● Supplied data
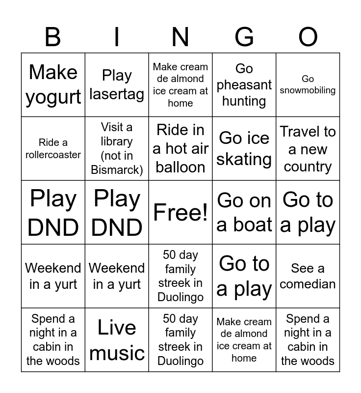 ⚠ This card has duplicate items: Travel to a new country (2), Spend a night in a cabin in the woods (2), 1/month scratch adventure (2), 50 day family streek in Duolingo (2), Weekend in a yurt (2), Play lasertag (2), Do an escape room (2), Ride a rollercoaster (2), Live music (2), Visit a library (not in Bismarck) (2), Go pheasant hunting (2), See a comedian (2), Go to a play (2), Pick chokecherries (2), Fly kites (2), Ride in a hot air balloon (2), Go on a boat (2), Go snow tubing (2), Play DND (2), Make cream de almond ice cream at home (2), Make yogurt (2), Go ice skating (2), Build our Christmas lego (2)
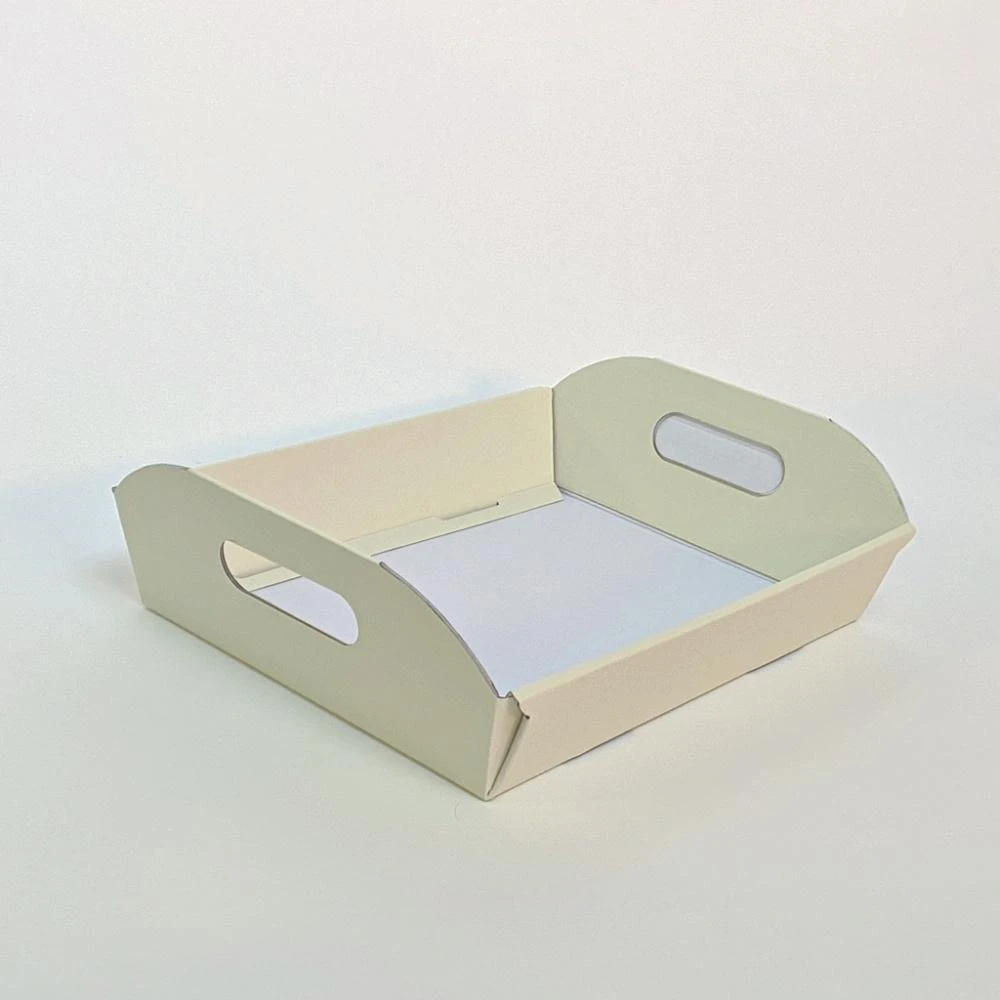 This ivory snack tray is ideal for serving snacks and party food at a BBQ, party or celebration. This disposable platter makes cleaning up quick and convenient. These trays also make fabulous hampers for gift giving. Made from a thick sturdy cardboard, strong enough to serve drinks.
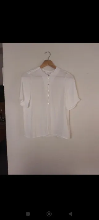 Elegante camisa blanca de Sfera, perfecta para cualquier ocasión. - Diseño de manga corta. - Cierre de botones al frente. - Tejido ligero y fluido.
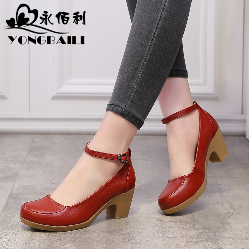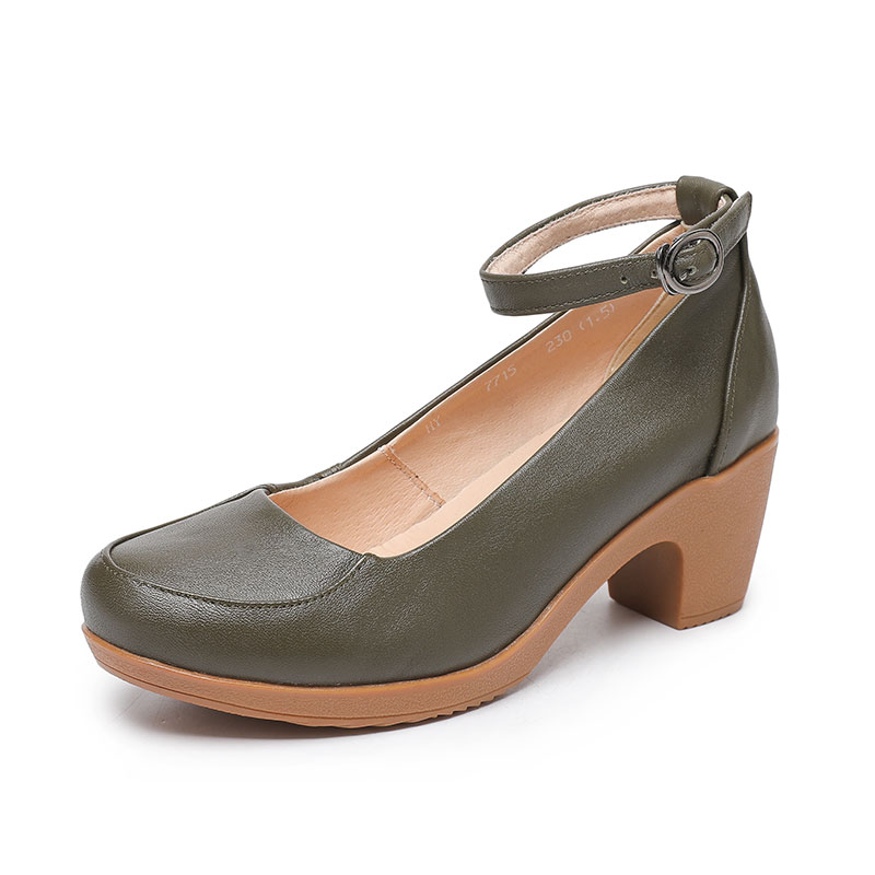 2025春新品原创复古羊皮单鞋女高粗跟浅口日系真皮休闲鞋女鞋皮鞋
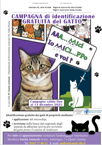C’è un proverbio che dice: “Il gatto non appartiene a nessuno, ma tutti appartengono al gatto”. È vero, eppure oggi più che mai è importante garantire a questi compagni silenziosi di vita una tutela concreta e riconoscibile. È il senso della campagna promossa dall’Assessorato alla Sanità e dall’Azienda USL della Valle d’Aosta, che fino al 13 dicembre 2025 offre ai proprietari di gatti la possibilità di applicare gratuitamente il microchip e iscrivere l’animale alla banca dati regionale degli animali da affezione.
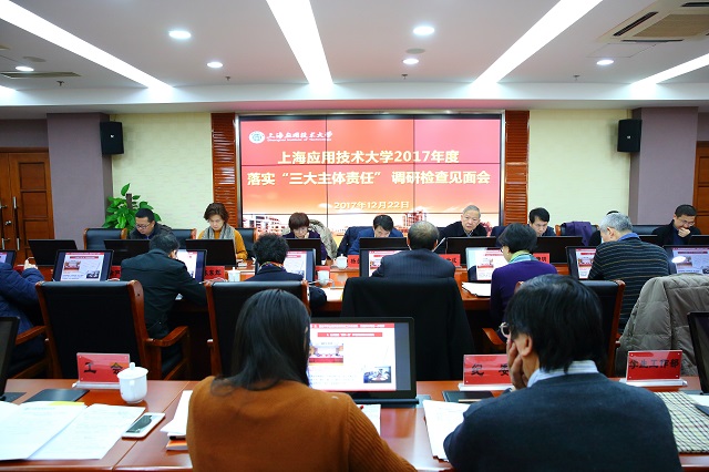 刘宇陆代表校党委从落实“三大主体责任”的主要情况和工作成效、落实“三大主体责任”存在的问题及原因、进一步落实“三大主体责任”的对策三方面向调研检查组进行了汇报。他表示,下一阶段,亚博足彩党委将继续深入学习贯彻党的十九大精神和习近平新时代中国特色社会主义思想,认真落实中央、市委、市教卫工作党委和市教委一系列决策部署,牢牢把握社会主义办学方向,坚持立德树人根本任务,自觉主动地在思想上政治上行动上同以习近平同志为核心的党中央保持高度一致,不断增强“四个意识”,切实履行管党治党、办学治校主体责任,严格落实“三大主体责任”,进一步推动全面从严治党向基层延伸,全面加强党的建设,努力开创高水平应用技术大学党的建设工作新局面。

● Exercise details
From the first line to the last, copy the listing above exactly and leave out the images.

● Answer section
 ⚠ This card has duplicate items: Travel to a new country (2), Spend a night in a cabin in the woods (2), 1/month scratch adventure (2), 50 day family streek in Duolingo (2), Weekend in a yurt (2), Play lasertag (2), Do an escape room (2), Ride a rollercoaster (2), Live music (2), Visit a library (not in Bismarck) (2), Go pheasant hunting (2), See a comedian (2), Go to a play (2), Pick chokecherries (2), Fly kites (2), Ride in a hot air balloon (2), Go on a boat (2), Go snow tubing (2), Play DND (2), Make cream de almond ice cream at home (2), Make yogurt (2), Go ice skating (2), Build our Christmas lego (2)
 This ivory snack tray is ideal for serving snacks and party food at a BBQ, party or celebration. This disposable platter makes cleaning up quick and convenient. These trays also make fabulous hampers for gift giving. Made from a thick sturdy cardboard, strong enough to serve drinks.
 Elegante camisa blanca de Sfera, perfecta para cualquier ocasión. - Diseño de manga corta. - Cierre de botones al frente. - Tejido ligero y fluido.
 2025春新品原创复古羊皮单鞋女高粗跟浅口日系真皮休闲鞋女鞋皮鞋
C’è un proverbio che dice: “Il gatto non appartiene a nessuno, ma tutti appartengono al gatto”. È vero, eppure oggi più che mai è importante garantire a questi compagni silenziosi di vita una tutela concreta e riconoscibile. È il senso della campagna promossa dall’Assessorato alla Sanità e dall’Azienda USL della Valle d’Aosta, che fino al 13 dicembre 2025 offre ai proprietari di gatti la possibilità di applicare gratuitamente il microchip e iscrivere l’animale alla banca dati regionale degli animali da affezione.
 刘宇陆代表校党委从落实“三大主体责任”的主要情况和工作成效、落实“三大主体责任”存在的问题及原因、进一步落实“三大主体责任”的对策三方面向调研检查组进行了汇报。他表示,下一阶段,亚博足彩党委将继续深入学习贯彻党的十九大精神和习近平新时代中国特色社会主义思想,认真落实中央、市委、市教卫工作党委和市教委一系列决策部署,牢牢把握社会主义办学方向,坚持立德树人根本任务,自觉主动地在思想上政治上行动上同以习近平同志为核心的党中央保持高度一致,不断增强“四个意识”,切实履行管党治党、办学治校主体责任,严格落实“三大主体责任”,进一步推动全面从严治党向基层延伸,全面加强党的建设,努力开创高水平应用技术大学党的建设工作新局面。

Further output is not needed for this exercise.